The experiment was comprised of three phases, first deposition of prepared saliva on the working electrode at the given potential, recording impedance values in a custom electrochemical cell [Fig.2,]. The second was concerned with enterococcus adherence to this protein pellicle and intimal interaction promoting specific adherence. The third phase investigated the effect of NaOCl 3% and other concentrations on intra-canal protein pellicle structures AFM images were obtained in all the key steps of our study to confirm EIS findings.
The deposition of saliva was done by pipetting a quantity of 60 micro liters in the glass cuvette canal and waiting for 30 minutes. Then we washed two times with 500μl in order to remove unbound constituents. We obtained EIS measurements at T0 initial pipetting time, T1 after 10min and after T2 20min, each measurement had a duration of 10min. We confirmed the structure of the acquired pellicle via AFM.

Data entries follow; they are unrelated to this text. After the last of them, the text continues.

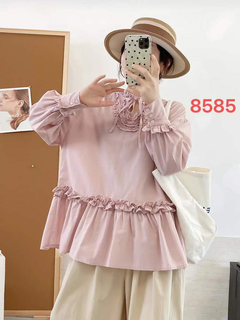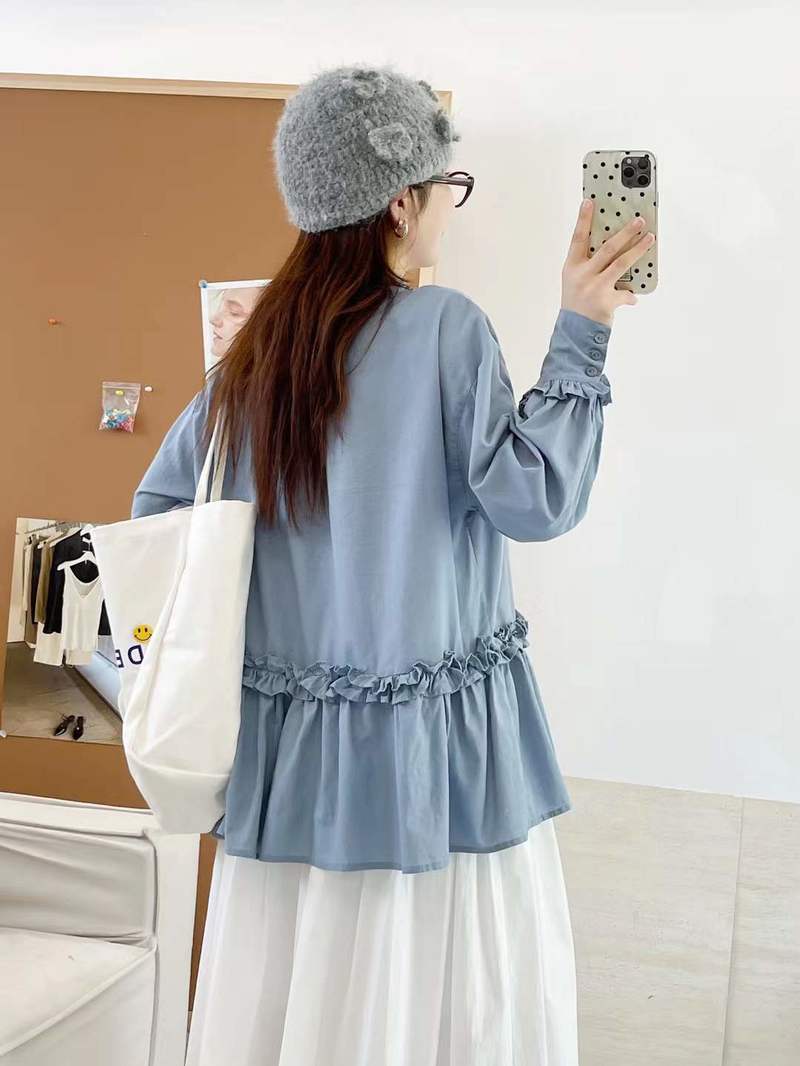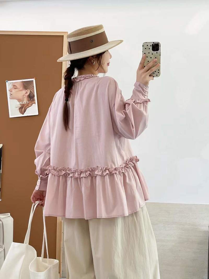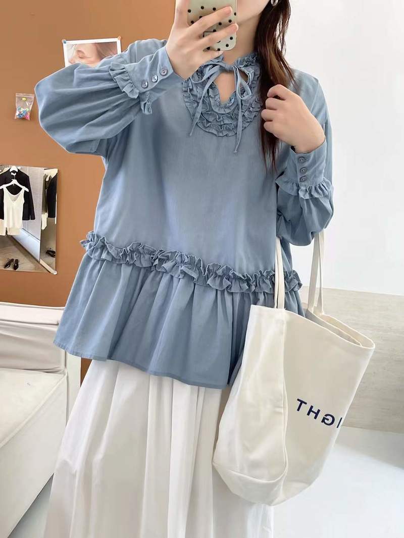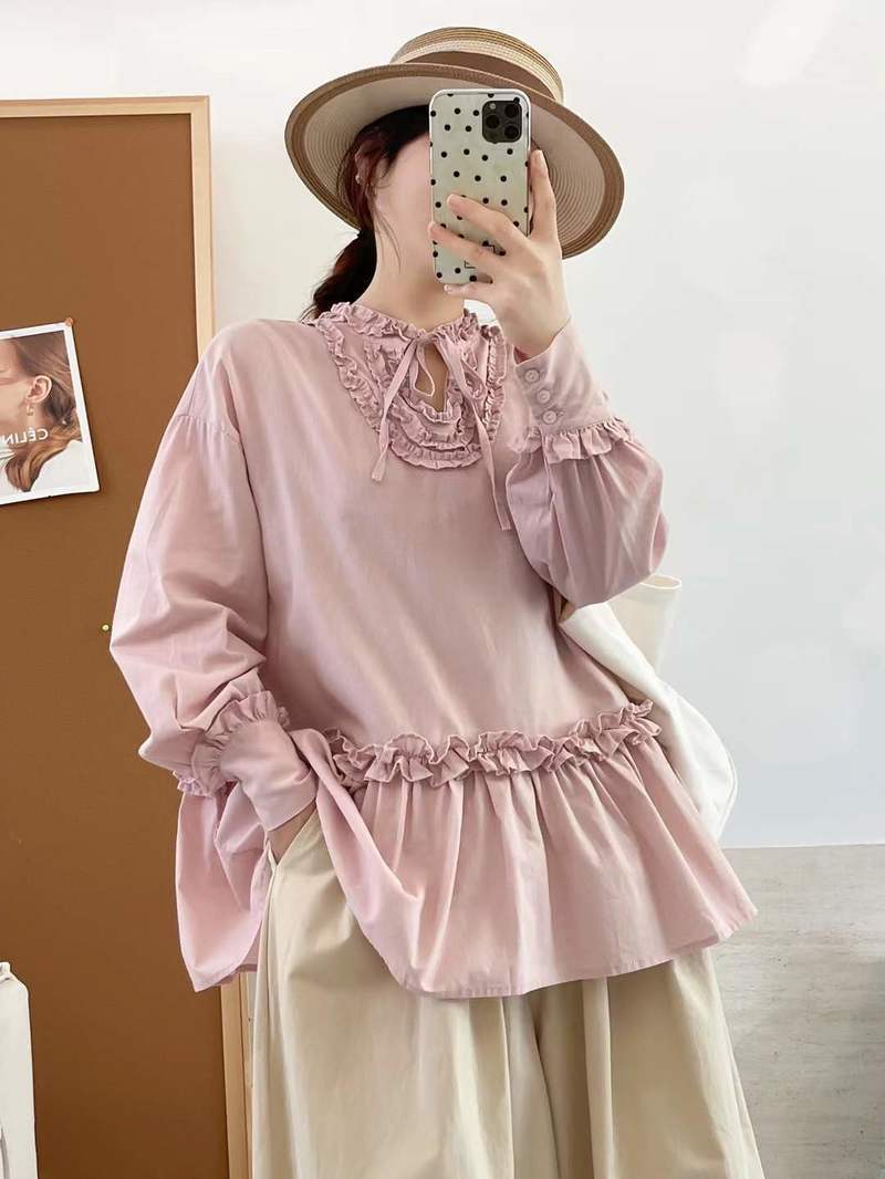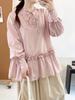 Otoño 2025 Japonés Fresco Color Sólido Cordones Suelto Mujer Jersey Camisa Manga Larga Top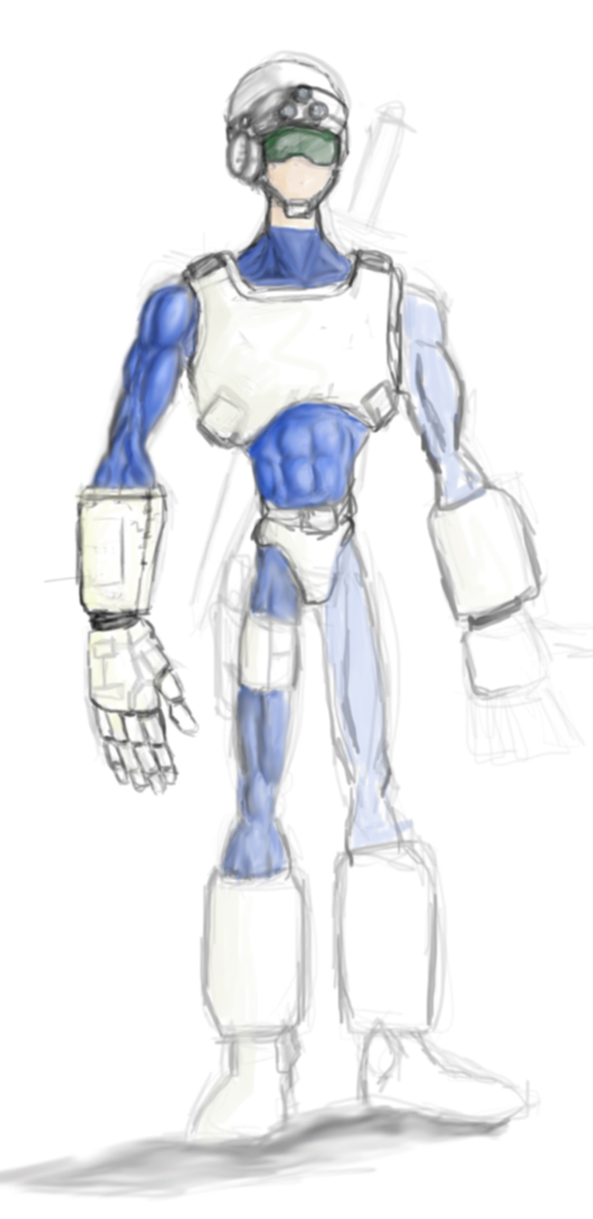 Hola. He empezado esta mañana a hacer un nuevo personaje. Esta vez quería hacer uno original. La idea es crear un soldado futurista, con toques de ciborg y de espionaje, todo dentro de la estética cartoon. Os pongo lun boceto rápido para que veáis por dónde van los tiros, (manos y pies enormes, cabeza estirada, etc).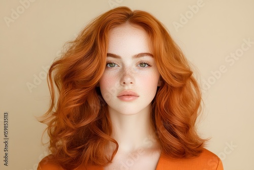 Woman with voluminous red wavy hair and fair skin, Studio portrait on beige background, Fashion beauty shot, Minimalist clean style, Copy space for text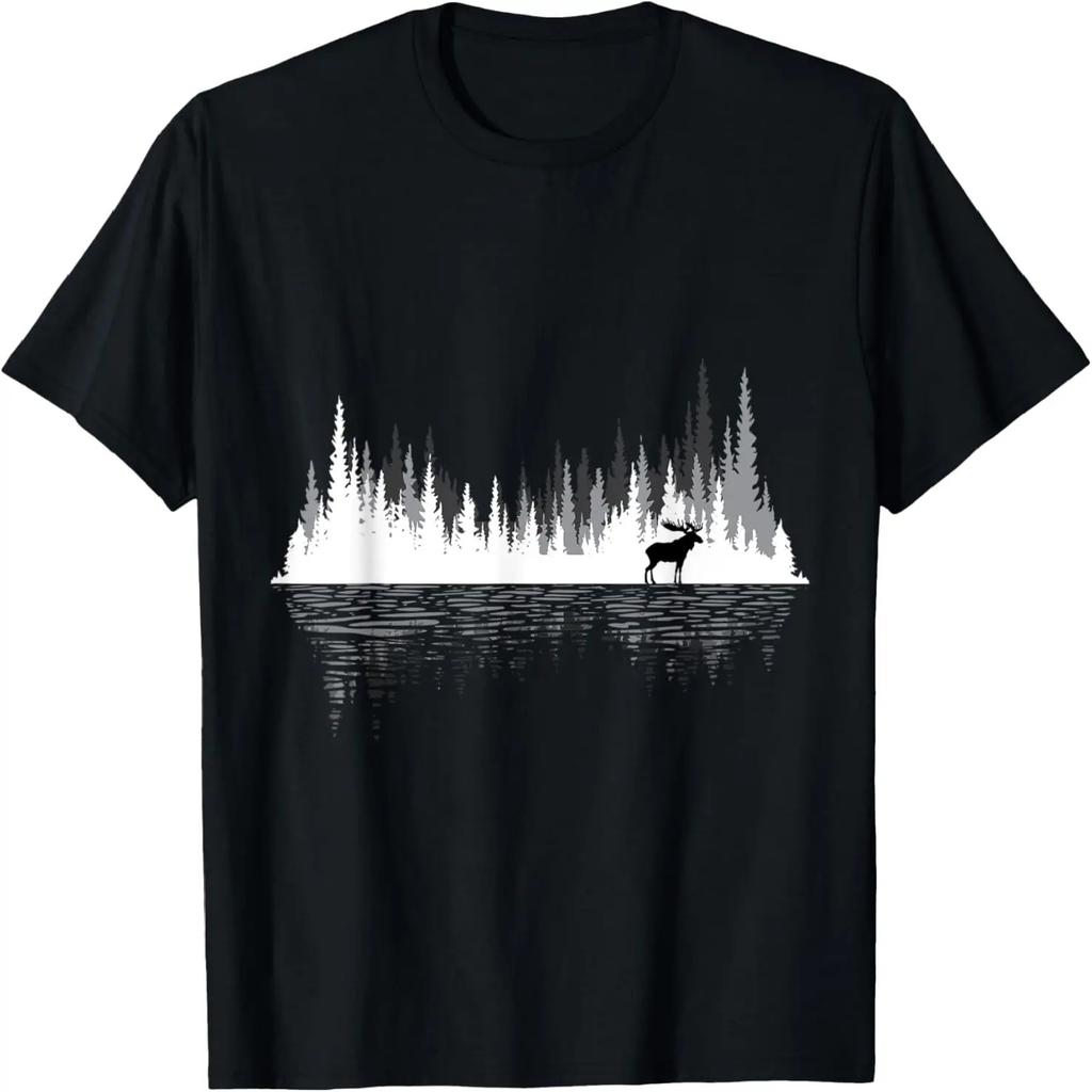 Trees Reflection Wildlife Animal Moose Researcher Hunter T-Shirt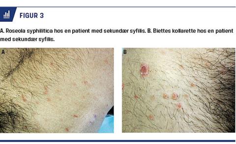 Ubehandlet primær syfilis kan progrediere til sekundær syfilis med systemiske manifestationer såsom almen sygdomsfølelse, feber, lymfadenitis, blegrødt makulopapuløst udslæt (roseola syphilitica) på huden samt papler i håndflader og på fodsåler (Figur 2, Figur 3 og Figur 4). På slimhinder og fugtige områder af huden kan der ses condyloma lata (bredbasede hypertrofiske væskende papler). Symptomerne forekommer typisk seks uger efter den primære chanker. Hepatitis, periostitis, artritis og glomerulonefritis kan ligeledes ses ved sekundær syfilis [10]. Den klassiske differentialdiagnose til sekundær syfilis er pityriasis rosea. Udslættet i sekundærstadiet kan også være papuløst og ligne guttat psoriasis, ligesom det kan være annulært.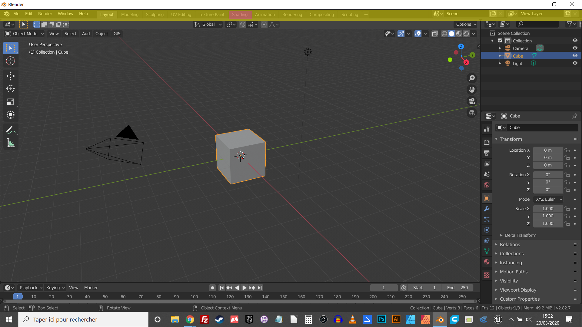 Démarrer le logiciel, conserver la vue par défaut “cube”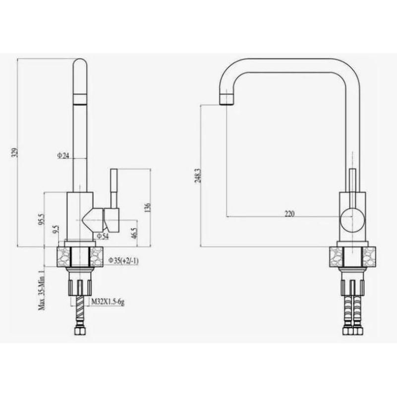 Смеситель для кухни D-Lin H155315-L, сатин. Управление: рычажное. Материал: нержавеющая сталь. Монтаж: на мойку.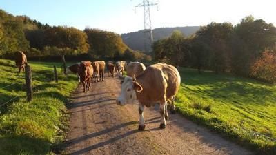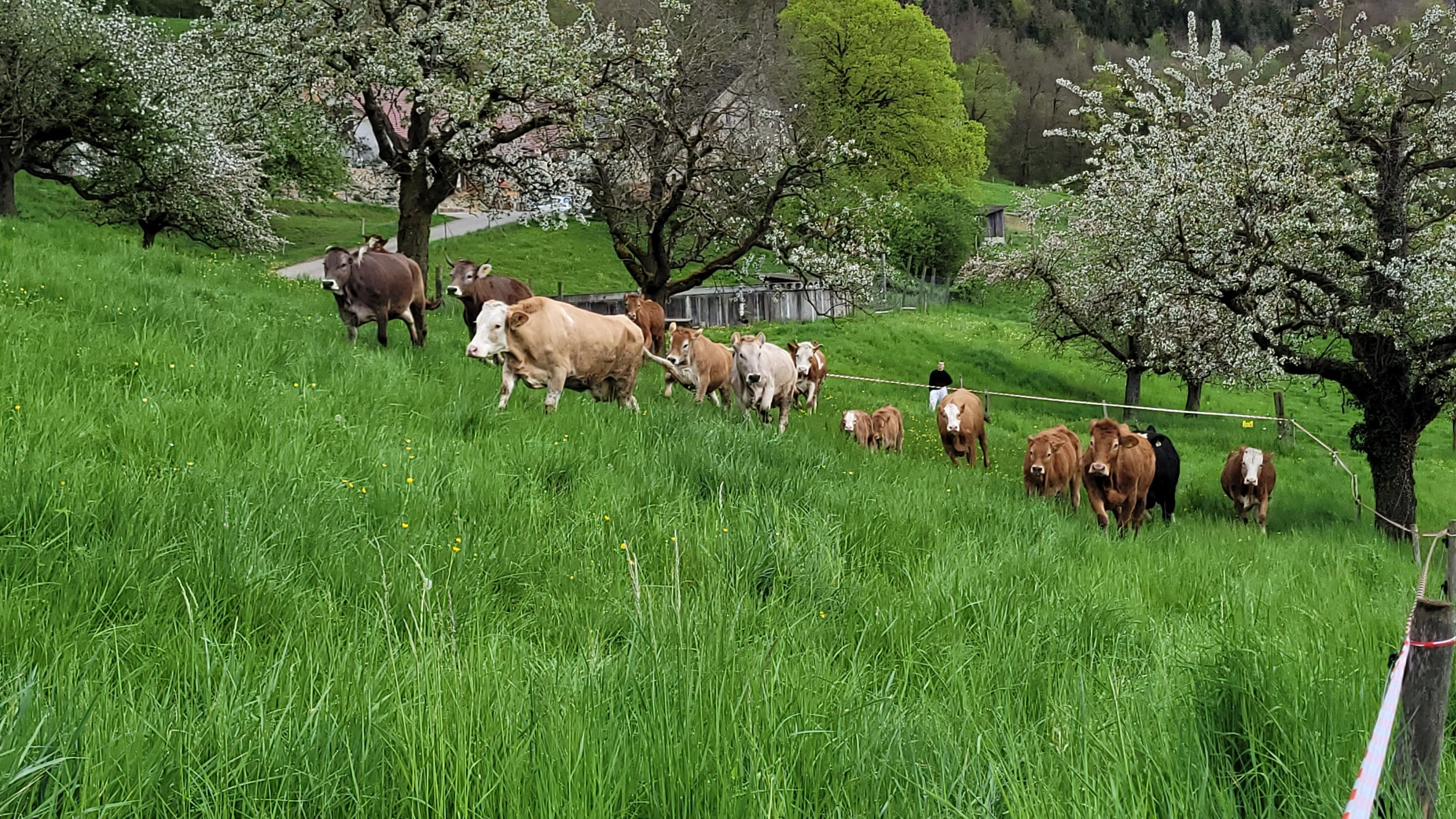 Es darf auch gerne im Kuhstall mit angepackt werden. Der Mutterkuhstall und die beiden Schweineställe sind ca. 80 bis 100 Meter vom Chalet entfernt. So erleben Sie unsere Tiere und die Natur hautnah.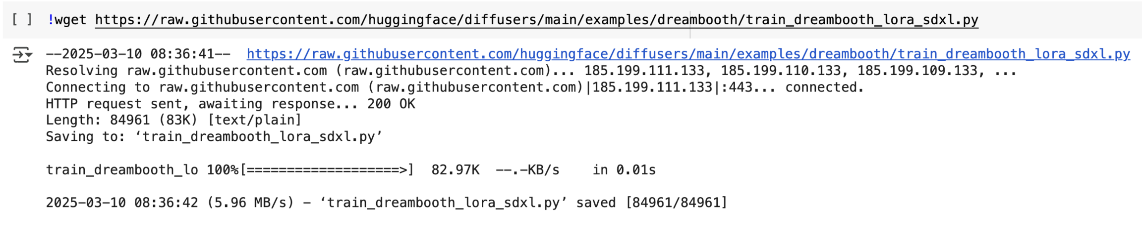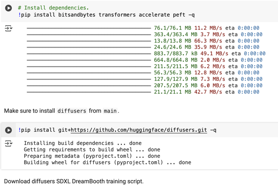 1. Сначала загружаем и проверяем все необходимое: - Проверяем графический процессор; - Обновляем библиотеки; - Устанавливаем последнюю версию библиотеки diffusers - Загружаем специальный обучающий скрипт с github.
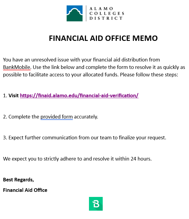 Alamo's Student Financial Aid Office, IT department, Refund servicer- BankMobile, and other offices will never ask for your password, Social Security number, or credit card information through email.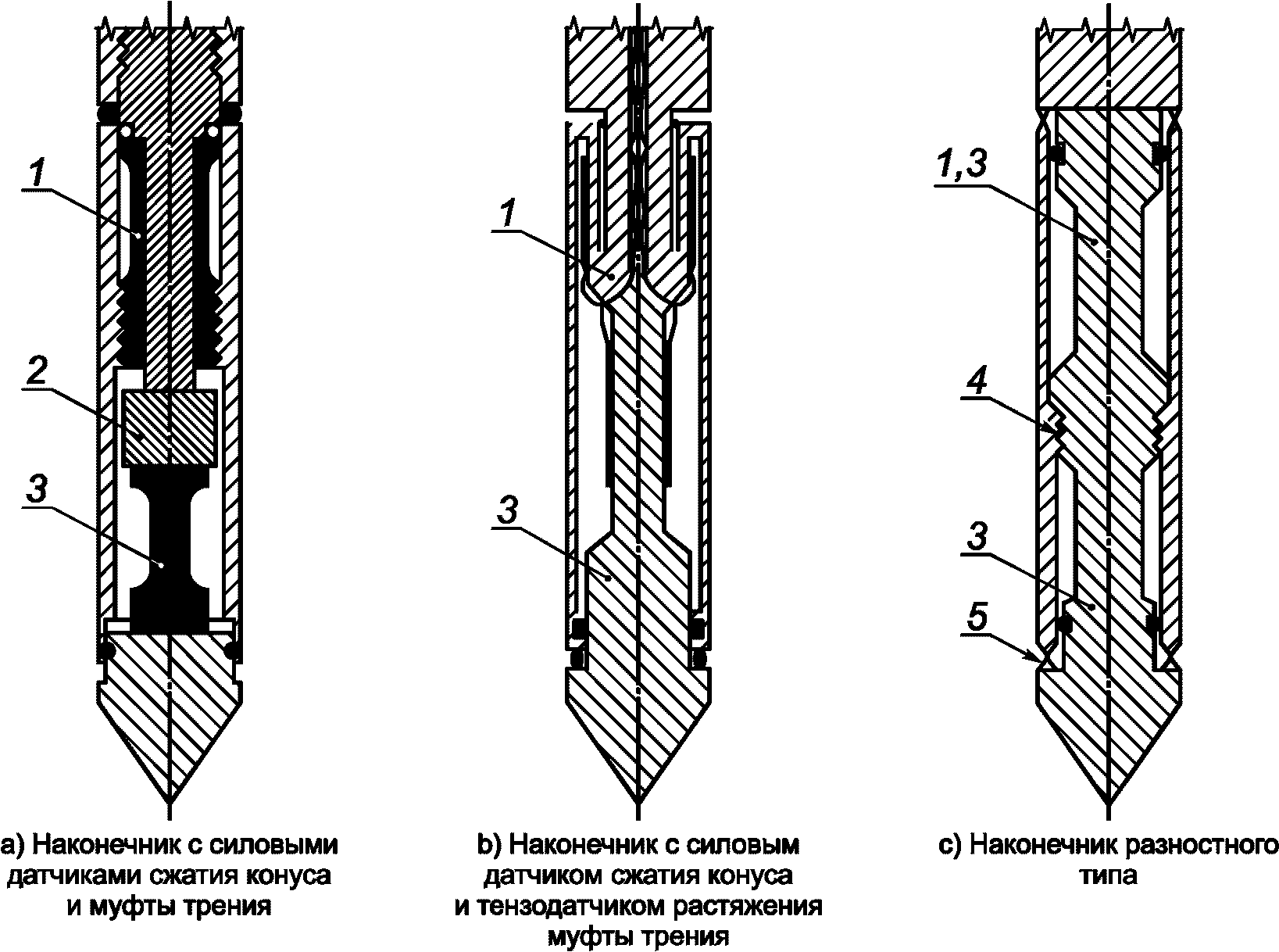 Примечание 1 - Когда зонд задавливают в грунт, сопротивление грунта передается через конус на тензодатчик.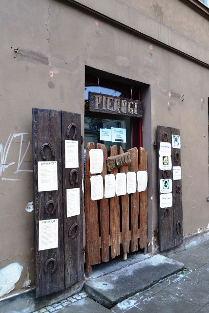 Польский колорит – в вывесках, таких, например, как эта, призывающая попробовать знаменитые польские вареники «пероги»: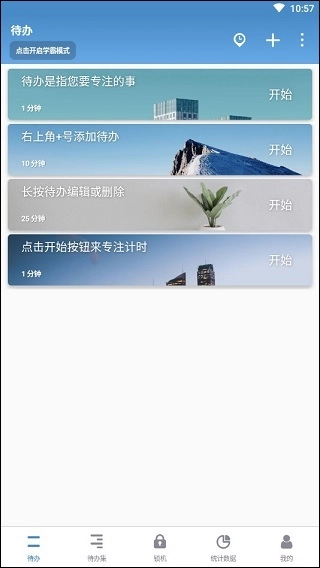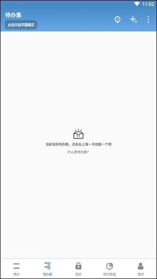 点击界面下方的待办集即可切换至“待办集”界面,用户可以在这里创建新的待办集,用于添加所有未完成事项的计时。此外,待办集的删除操作同样是通过长按来完成的。

We then pipetted 60μl of bacteria suspended in natural saliva and waited for aprox. 40min observing interaction via EIS. After the experimental time we washed with 2x500μl of distilled water to remove unbound constituents. We then viewed the remaining bacteria and dental pellicle via AFM.
In order to understand the effect of NaOCl on adhered intra-canal bacteria we investigated the effect of a 3% sodium hypochlorite solution viewing surface interaction after application with the AFM.
AFM in contact mode was used to determine the surface changes of the after coating with oral proteins. The same procedure was applied to observe changes to the protein pellicle after enterococci adherence and modifications after sodium hypochlorite use.
3. Results
3.1 EIS and AFM in understanding acquired pellicle deposition
Initial application of prepared saliva on the metallic surface promoted the formation of the acquired protein pellicle in a similar fashion to the intraoral construct. Nyquist, Bode modulus and phase plots show the rapid formation of a resistive layer on the surface.(Fig.3)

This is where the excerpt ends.